While there are many students happy that the library will have a new look, there was a great amount of other students who were very unhappy, not because of its closing, but because Stockton prioritized the library over other projects the campus desperately needs. Most students thought a new parking garage and Housing I renovations were much more important than the library. A parking garage or an extra parking lot is something students have asked about for years, yet the school doesn’t seem to be planning on adding new parking anytime soon. Many were very upset that the school decided on the library instead of parking. The problem has gotten to the point that many students arrive over 30 minutes late to their classes because of how long it takes to find a parking space.

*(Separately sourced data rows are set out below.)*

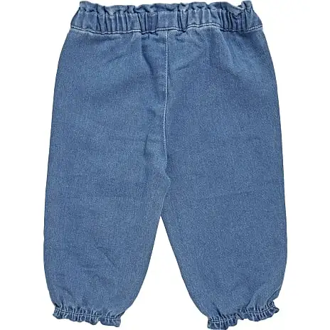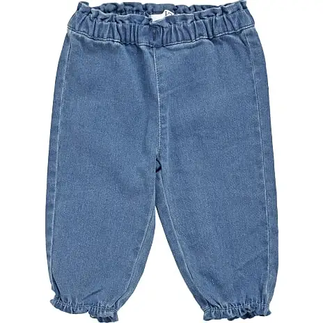 Bukser til baby i denim kvalitet. Bukserne har elastik ved taljen og benåbningen.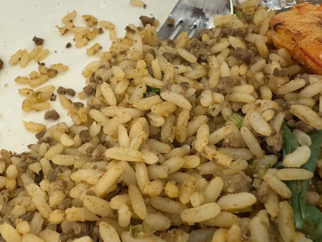 「ダーティーライス」は、パラパラしてます。カレーっぽい風味も感じます。米は、日本の米とは異なる、大粒で、少し硬いやつ。ひき肉が混じっています。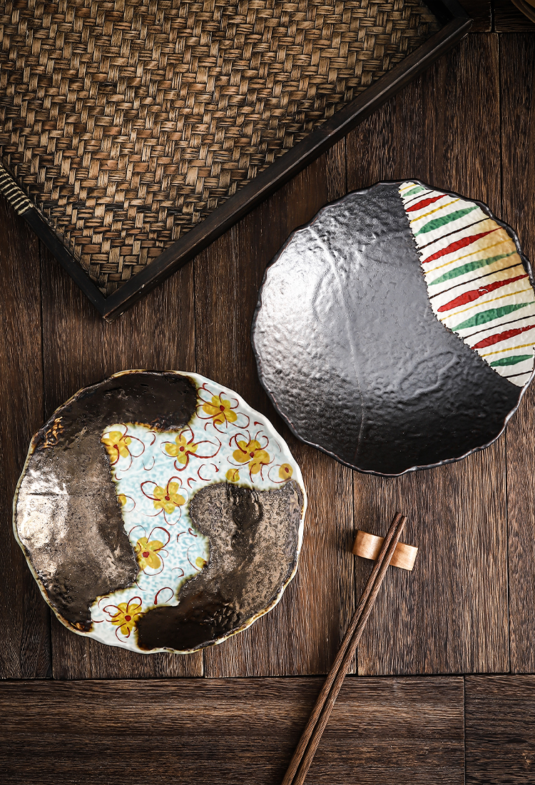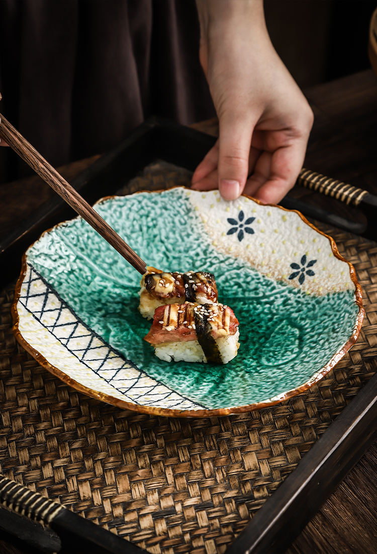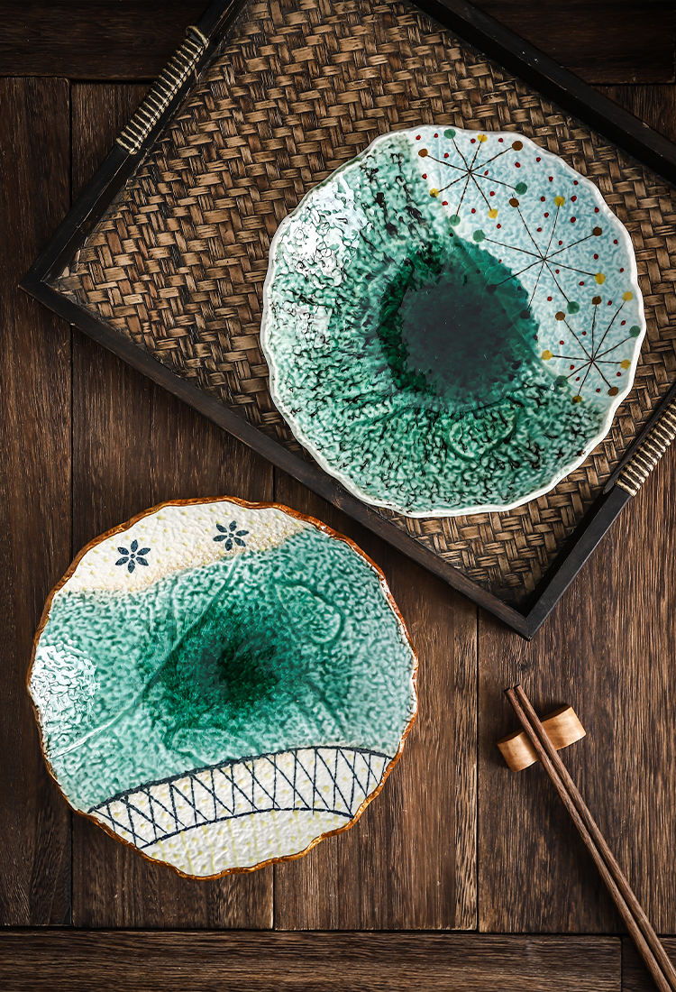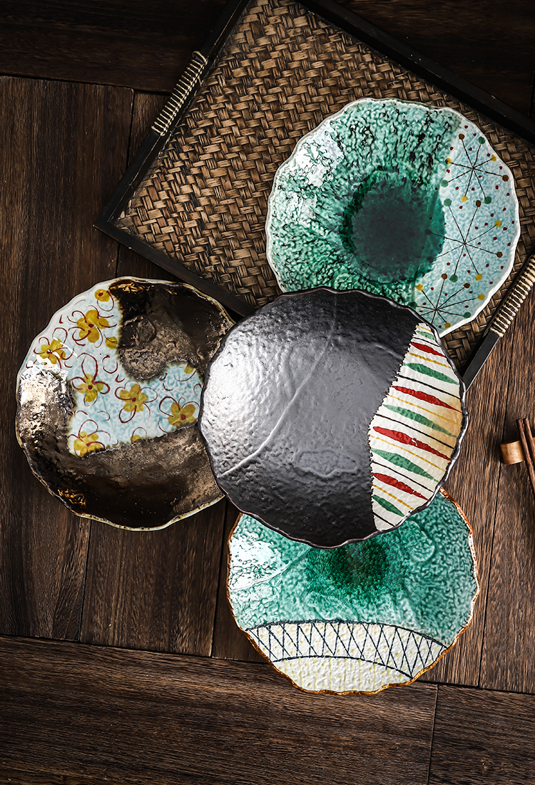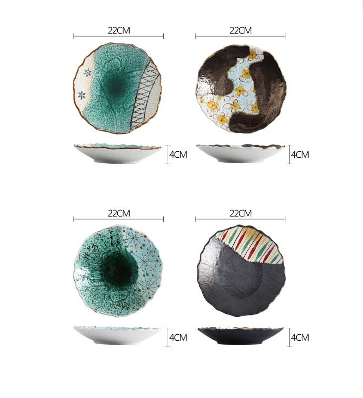 Hand-painted Marbled Polygonal Round Dinner Plate

Even the shuttle services are deemed unreliable by students, especially those living in the Atlantic City or Chris Gaupp apartment complexes. Isabella Trimble, a graduating Social Work student, commented, “The school should prioritize parking because we have more students that commute than students who live in. Second, they should provide more food options because most of the food here isn’t great.”

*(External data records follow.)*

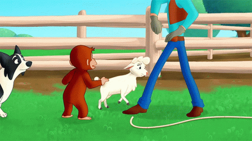 Curious George, a cowboy, a sheep, and a dog in a playful farm scene with a lasso attempt.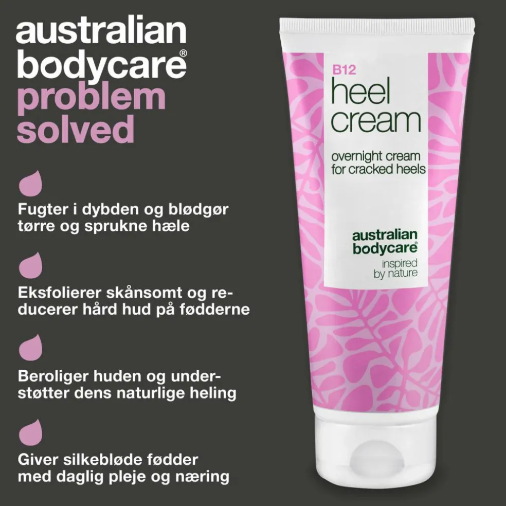 Lider du af tørre fødder, revnede hæle eller hård hud? Vores hælkrem med 25% urea og Vitamin B12 giver intensiv fugt og pleje til selv den tørreste hud.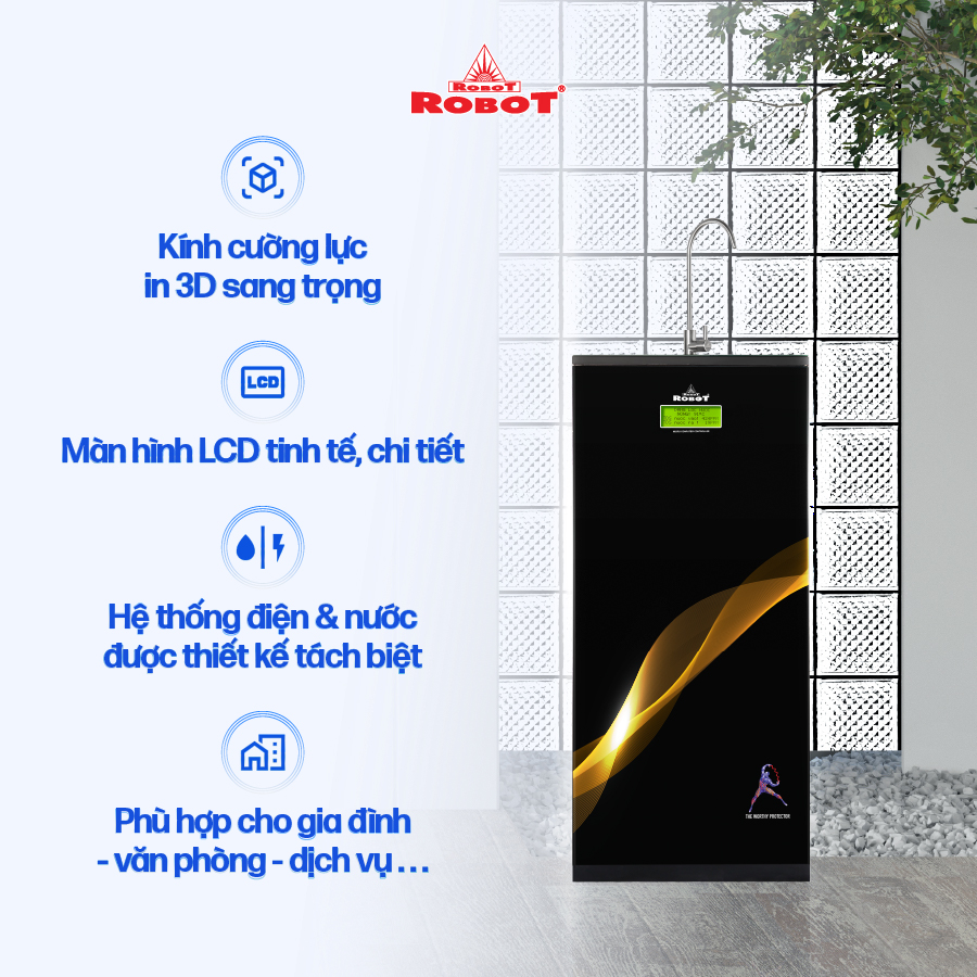 - Các sản phẩm máy lọc nước ROBOT đều sở hữu màn hình LCD sắc nét, hiển thị chi tiết các thông số TDS – chất lượng nước trước & sau lọc, tuổi thọ lõi lọc 24/24… để mọi người đều dễ dàng theo dõi hoạt động máy, chất lượng nước uống thông qua màn hình LCD, loại trừ mọi rủi ro, mang đến sự an toàn tuyệt đối khi sử dụng. 3. Kiểu dáng tinh tế, đa chức năng, tiện lợi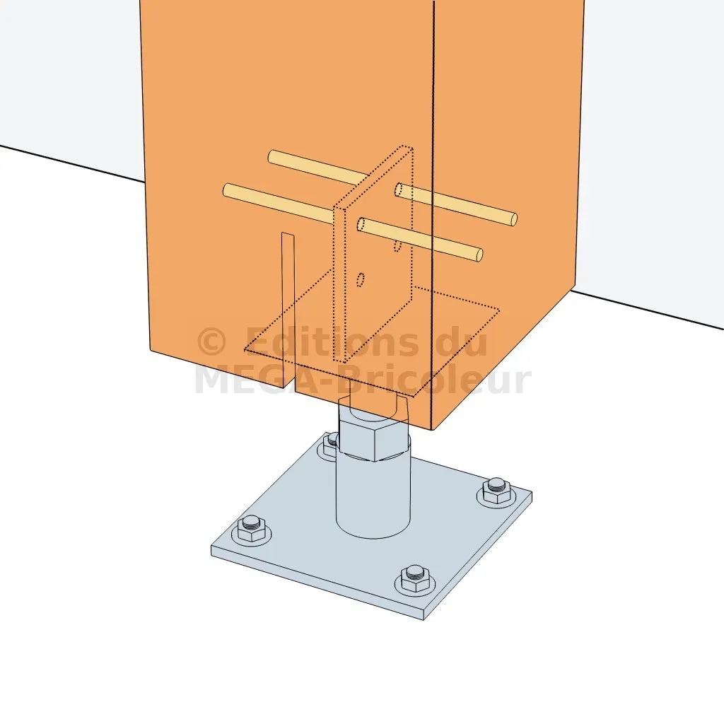 La connexion entre le pied de poteau et le poteau bois s’effectue à l’aide des deux broches supérieures.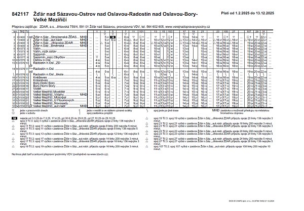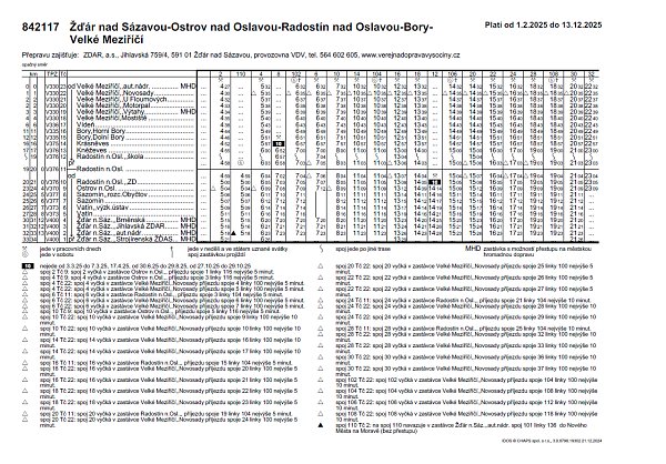 Linka 117 VM-Bory-Radostín-Žďár: Linkový vývěsný jízdní řád veřejné linkové dopravy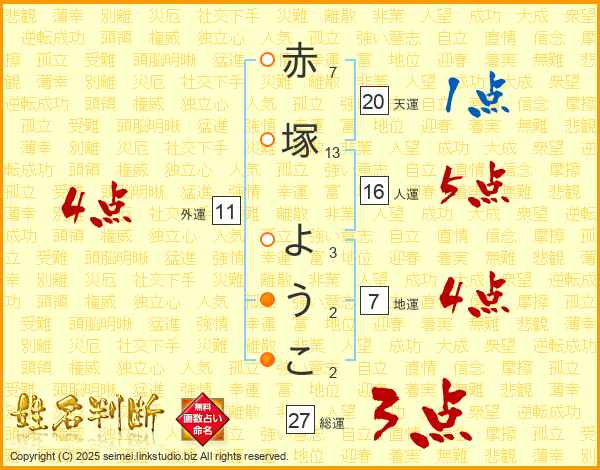 生活面を象徴する運勢です。外部から受ける影響力を表し、結婚運、家庭運や職場、環境への順応性を表します。総運から人運を引いた画数。姓や名が1文字の場合を除く。

Many complained about insect and spider infestations in Housings I, IV, and V that have not been properly dealt with. One apartment in Housing V had to deal with an ant infestation in their kitchen. While they sent a work order in, it was not answered until a week later, after the ants had all died thanks to the students’ efforts to keep the ants away from their food. A student residing in Housing I was very upset that housing payments were so high while the quality of housing was so low. “It’s absolutely ridiculous that we still have bugs, leaking sinks that still leak after they ‘fix’ them, and the mold problem that has made so many of us sick.”

Housing I and the Freshman housing needs so much renovation, and they’re ignoring it,” the student said. The student felt unheard by staff, having sent work orders and complaints about the issues mentioned, but never received adequate assistance. After hearing about the $19.5 million grant given to the library, the student was outraged that the money wasn’t put towards making more comfortable and healthy spaces for students to live in. Housing I itself is very old, being the first housing built on campus in the 70s, and is often uncomfortable for students with the lack of windows, small bathrooms for multiple people, and steep stairs students have to haul their belongings up instead of a convenient elevator. Students also have to walk a long way to the laundry room if they don’t live close enough to E court, which is uncomfortable and even dangerous in stormy or cold weather.

Despite the ‘what-ifs’ surrounding how the money could have been spent, the renovations to the library are long overdue and are bound to bring promise to the future of Stockton.